*** Data provided ***

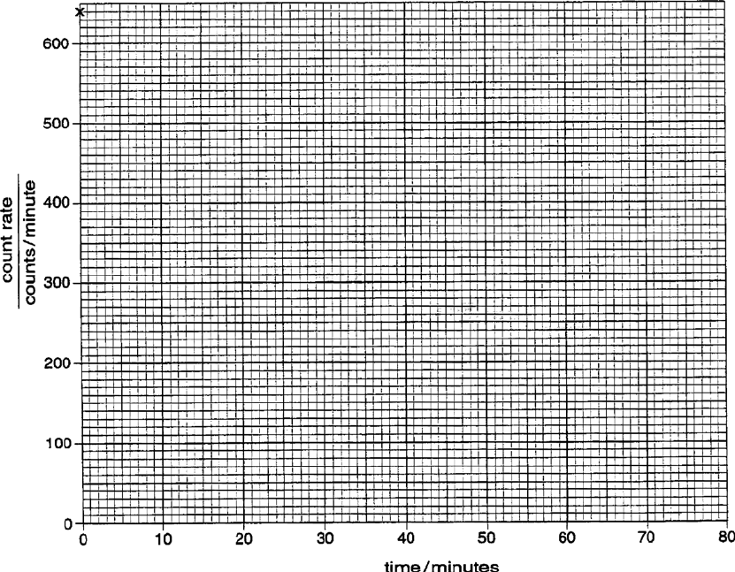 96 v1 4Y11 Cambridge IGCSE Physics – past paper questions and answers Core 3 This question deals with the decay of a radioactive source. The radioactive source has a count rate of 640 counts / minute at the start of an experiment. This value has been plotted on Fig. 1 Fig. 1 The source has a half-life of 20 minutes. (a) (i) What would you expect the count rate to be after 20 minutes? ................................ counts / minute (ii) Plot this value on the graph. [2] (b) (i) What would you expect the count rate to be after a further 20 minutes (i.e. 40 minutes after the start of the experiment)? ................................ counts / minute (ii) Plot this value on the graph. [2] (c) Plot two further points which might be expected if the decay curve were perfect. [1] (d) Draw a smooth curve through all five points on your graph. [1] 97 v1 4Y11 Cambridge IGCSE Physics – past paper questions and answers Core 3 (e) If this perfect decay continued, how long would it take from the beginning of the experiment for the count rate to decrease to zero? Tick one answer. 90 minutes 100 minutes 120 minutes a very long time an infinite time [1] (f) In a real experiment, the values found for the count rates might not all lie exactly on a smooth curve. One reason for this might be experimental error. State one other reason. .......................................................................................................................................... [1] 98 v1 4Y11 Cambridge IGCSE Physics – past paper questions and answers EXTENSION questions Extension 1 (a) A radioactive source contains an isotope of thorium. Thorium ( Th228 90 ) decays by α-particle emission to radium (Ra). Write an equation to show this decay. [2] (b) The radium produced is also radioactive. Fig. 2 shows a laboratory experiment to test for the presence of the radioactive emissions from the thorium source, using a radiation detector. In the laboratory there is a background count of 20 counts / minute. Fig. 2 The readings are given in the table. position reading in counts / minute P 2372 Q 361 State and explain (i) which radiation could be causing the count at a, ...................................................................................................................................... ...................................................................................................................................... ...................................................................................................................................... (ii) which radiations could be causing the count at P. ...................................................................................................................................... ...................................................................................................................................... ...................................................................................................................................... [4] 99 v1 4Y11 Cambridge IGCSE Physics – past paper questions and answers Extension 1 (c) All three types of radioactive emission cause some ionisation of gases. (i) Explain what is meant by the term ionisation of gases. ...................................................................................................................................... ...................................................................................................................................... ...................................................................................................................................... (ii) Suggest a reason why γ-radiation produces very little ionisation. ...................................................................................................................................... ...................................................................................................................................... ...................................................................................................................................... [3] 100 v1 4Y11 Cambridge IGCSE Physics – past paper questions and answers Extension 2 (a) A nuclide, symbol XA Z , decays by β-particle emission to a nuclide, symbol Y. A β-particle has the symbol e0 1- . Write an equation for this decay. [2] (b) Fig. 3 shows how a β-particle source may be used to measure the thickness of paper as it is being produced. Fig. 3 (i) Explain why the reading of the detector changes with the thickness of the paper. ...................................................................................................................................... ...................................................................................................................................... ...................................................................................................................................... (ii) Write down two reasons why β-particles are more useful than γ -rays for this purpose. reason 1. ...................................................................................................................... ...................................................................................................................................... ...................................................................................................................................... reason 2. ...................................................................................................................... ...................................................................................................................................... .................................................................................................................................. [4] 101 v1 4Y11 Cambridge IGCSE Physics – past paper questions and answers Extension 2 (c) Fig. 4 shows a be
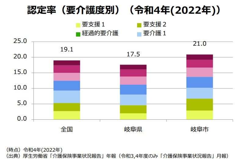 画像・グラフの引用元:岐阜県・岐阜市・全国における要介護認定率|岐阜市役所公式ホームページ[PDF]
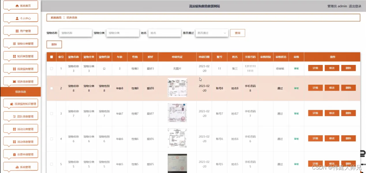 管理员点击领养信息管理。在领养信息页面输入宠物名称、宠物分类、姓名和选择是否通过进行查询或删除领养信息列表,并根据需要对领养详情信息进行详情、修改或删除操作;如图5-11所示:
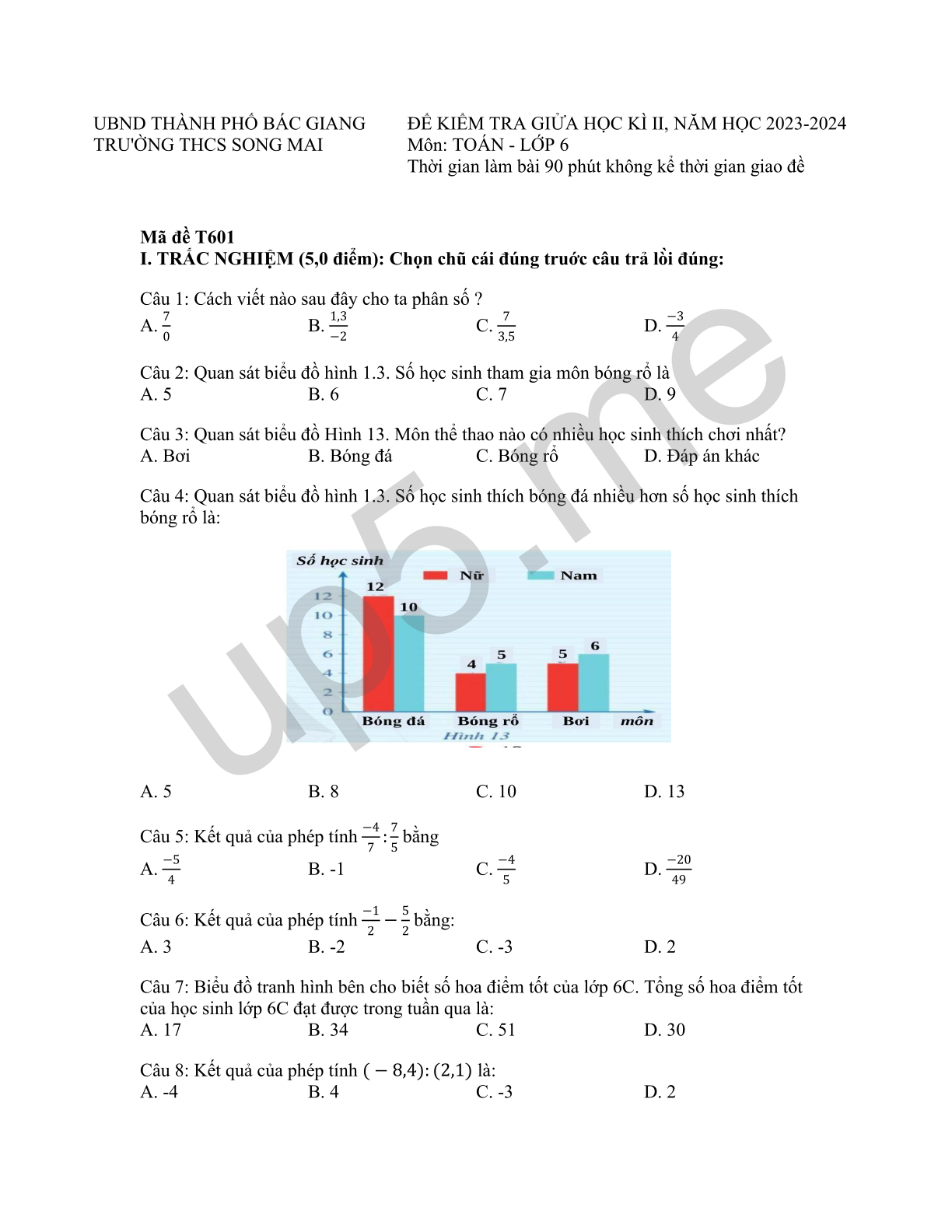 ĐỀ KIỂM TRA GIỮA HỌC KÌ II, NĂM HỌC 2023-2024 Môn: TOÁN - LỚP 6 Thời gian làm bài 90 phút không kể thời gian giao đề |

*** End of Data provided ***
*** Data provided ***

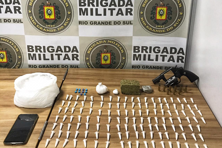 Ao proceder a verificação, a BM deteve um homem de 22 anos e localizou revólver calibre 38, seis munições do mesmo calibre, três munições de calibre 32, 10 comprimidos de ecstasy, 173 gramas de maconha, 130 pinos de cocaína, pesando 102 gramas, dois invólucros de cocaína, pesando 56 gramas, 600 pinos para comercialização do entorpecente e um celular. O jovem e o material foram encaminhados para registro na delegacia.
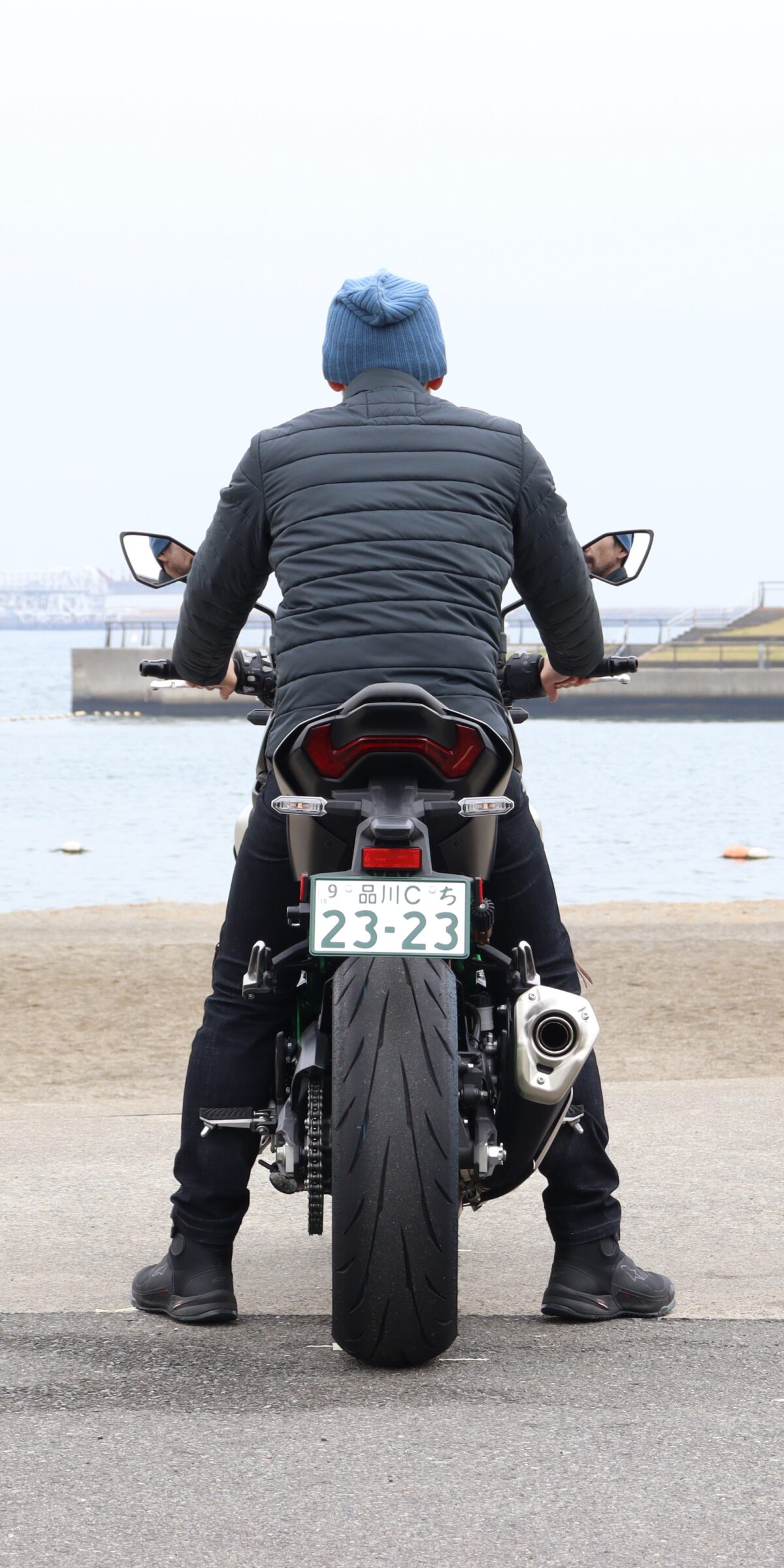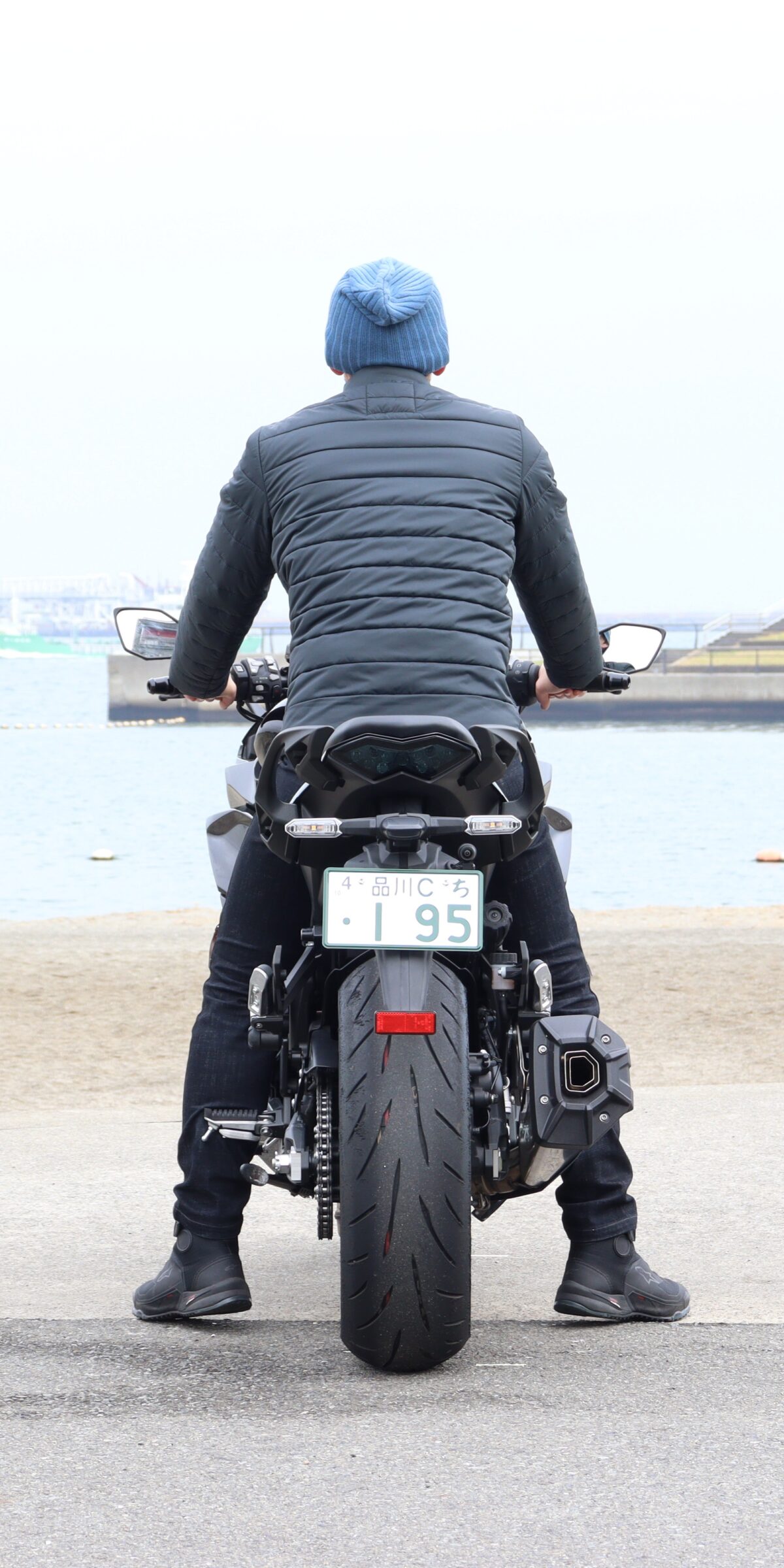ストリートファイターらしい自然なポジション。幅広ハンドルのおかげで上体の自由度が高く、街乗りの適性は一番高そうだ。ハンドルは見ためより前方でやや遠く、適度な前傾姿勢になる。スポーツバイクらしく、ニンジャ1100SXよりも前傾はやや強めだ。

*** End of Data provided ***

→ **What is being asked**
Could you repeat, exactly, only the lines above starting at the one that has "画像・グラフの引用元:岐阜県" and stopping after the one that has "ĐỀ KIỂM TRA", without the pictures?

→ **Your solution**
 画像・グラフの引用元:岐阜県・岐阜市・全国における要介護認定率|岐阜市役所公式ホームページ[PDF]
 管理员点击领养信息管理。在领养信息页面输入宠物名称、宠物分类、姓名和选择是否通过进行查询或删除领养信息列表,并根据需要对领养详情信息进行详情、修改或删除操作;如图5-11所示:
 ĐỀ KIỂM TRA GIỮA HỌC KÌ II, NĂM HỌC 2023-2024 Môn: TOÁN - LỚP 6 Thời gian làm bài 90 phút không kể thời gian giao đề |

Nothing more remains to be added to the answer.